## What to produce:
Pictures do not belong in the copy; print every entry exactly as it stands.

## The records:
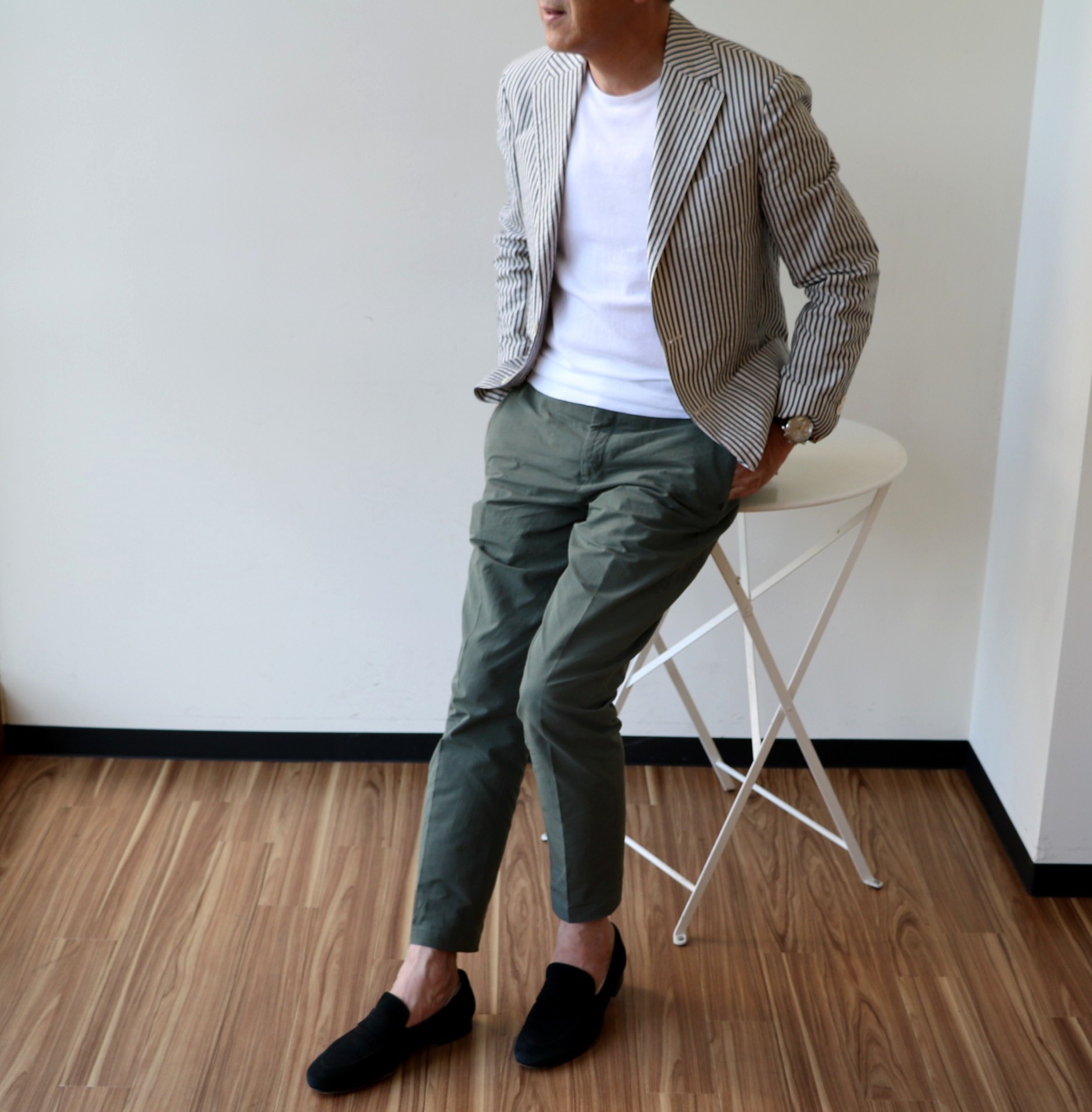 本日の出で立ちではありません。花金に行われる"オトコのフラレッスン"。レッスン前の一コマです。スポーツウェアを持っていない私は、この日、選んだのは、数年前に購入したZANONE(ザノーネ)のアイスコットンTシャツ。パンツはファーストシーズンで展開していたVIGANO(ヴィガーノ)のドローコード付きです。レッスンが終わった後、そのまま街に繰り出せるのですが、この時期、かなりの汗はかきます。面倒臭がらずに、着替えます。
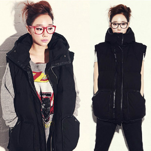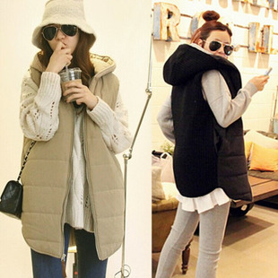 2014韓國SZ中長款羽絨棉衣外套無袖馬甲女秋冬 連帽 大碼背心大衣 /
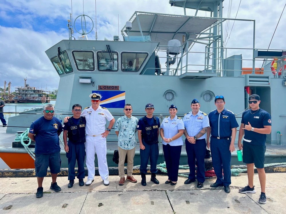 In Majuro, Republic of the Marshall Islands, on Jan. 26, 2024, U.S. Coast Guard Forces Micronesia/Sector Guam’s Cmdr. Ryan Crose, response department head, and Lt. Cmdr. Christine Igisomar, COFA maritime advisor, stand for a photo with Lt. Cmdr. Lachlan Sommerville, the Royal Australian Navy’s Maritime Security Advisor to the RMI Sea Patrol, and members of the RMI Sea Patrol. This visit marks a continuation of efforts to enhance the U.S. Coast Guard’s positive relationship with the Marshall Islands, particularly its maritime law enforcement entity, the RMI Sea Patrol. (U.S. Coast Guard photo)
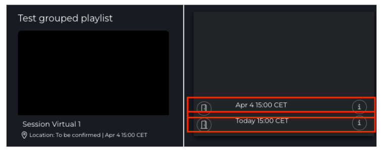 • Add group session with the same title – when enabled, this combines sessions with the same name into the same session tile and will allow users to choose between the different session times.
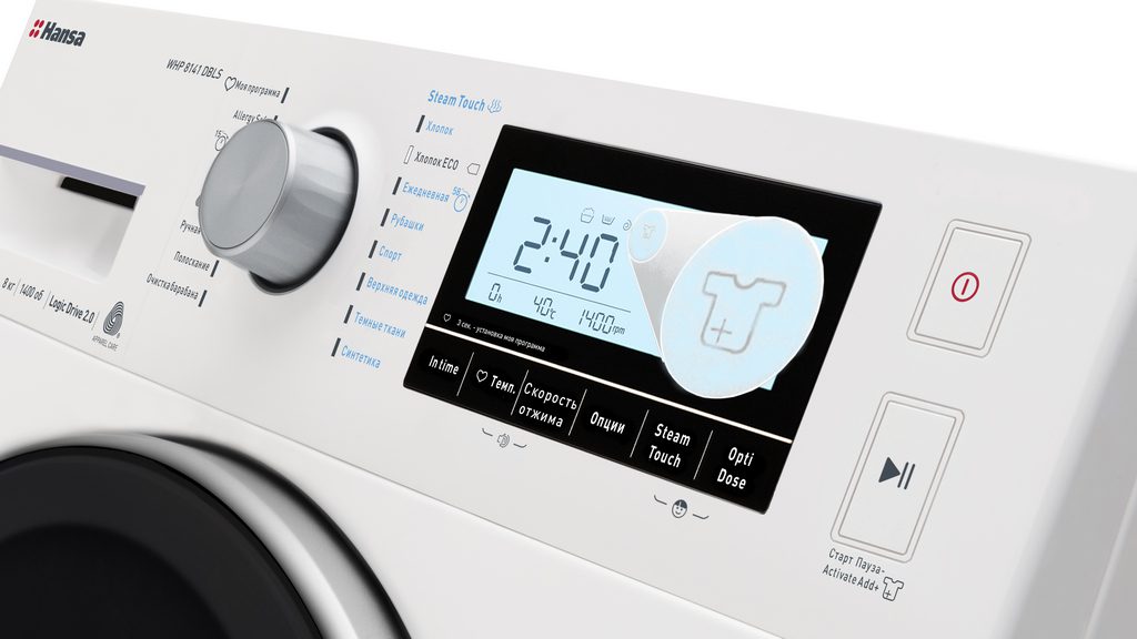 Стиральная машина Hansa WHP8141DBLS: с автодозировкой моющего средства и выбором степени загрязнения вещей
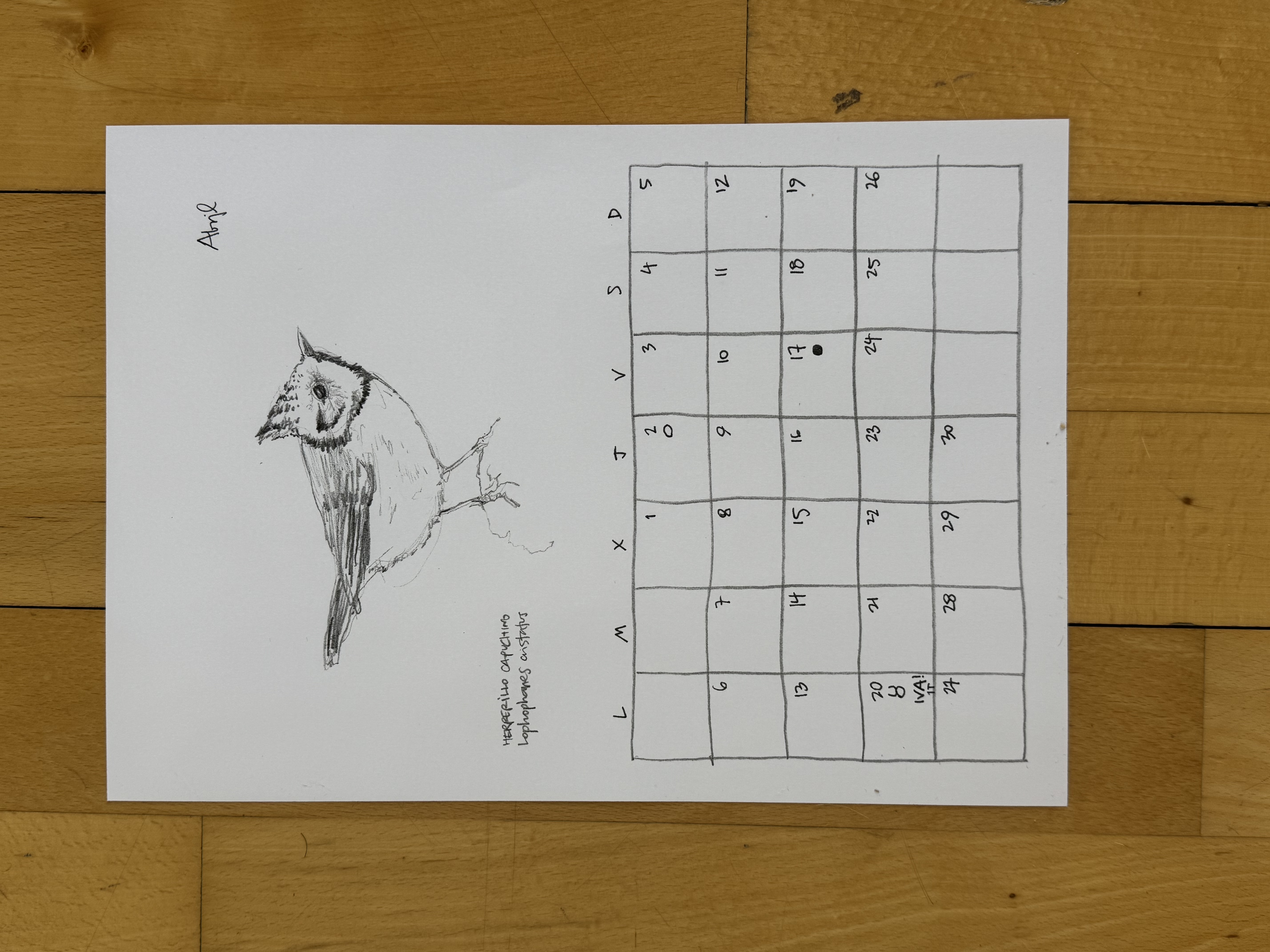 Calendario A4 de 120g dibujado en grafito, escaneado e impreso en negro. Cada ejemplar ha sido intervenido con lápices de colores.

## Reply to the exercise:
 本日の出で立ちではありません。花金に行われる"オトコのフラレッスン"。レッスン前の一コマです。スポーツウェアを持っていない私は、この日、選んだのは、数年前に購入したZANONE(ザノーネ)のアイスコットンTシャツ。パンツはファーストシーズンで展開していたVIGANO(ヴィガーノ)のドローコード付きです。レッスンが終わった後、そのまま街に繰り出せるのですが、この時期、かなりの汗はかきます。面倒臭がらずに、着替えます。
 2014韓國SZ中長款羽絨棉衣外套無袖馬甲女秋冬 連帽 大碼背心大衣 /
 In Majuro, Republic of the Marshall Islands, on Jan. 26, 2024, U.S. Coast Guard Forces Micronesia/Sector Guam’s Cmdr. Ryan Crose, response department head, and Lt. Cmdr. Christine Igisomar, COFA maritime advisor, stand for a photo with Lt. Cmdr. Lachlan Sommerville, the Royal Australian Navy’s Maritime Security Advisor to the RMI Sea Patrol, and members of the RMI Sea Patrol. This visit marks a continuation of efforts to enhance the U.S. Coast Guard’s positive relationship with the Marshall Islands, particularly its maritime law enforcement entity, the RMI Sea Patrol. (U.S. Coast Guard photo)
 • Add group session with the same title – when enabled, this combines sessions with the same name into the same session tile and will allow users to choose between the different session times.
 Стиральная машина Hansa WHP8141DBLS: с автодозировкой моющего средства и выбором степени загрязнения вещей
 Calendario A4 de 120g dibujado en grafito, escaneado e impreso en negro. Cada ejemplar ha sido intervenido con lápices de colores.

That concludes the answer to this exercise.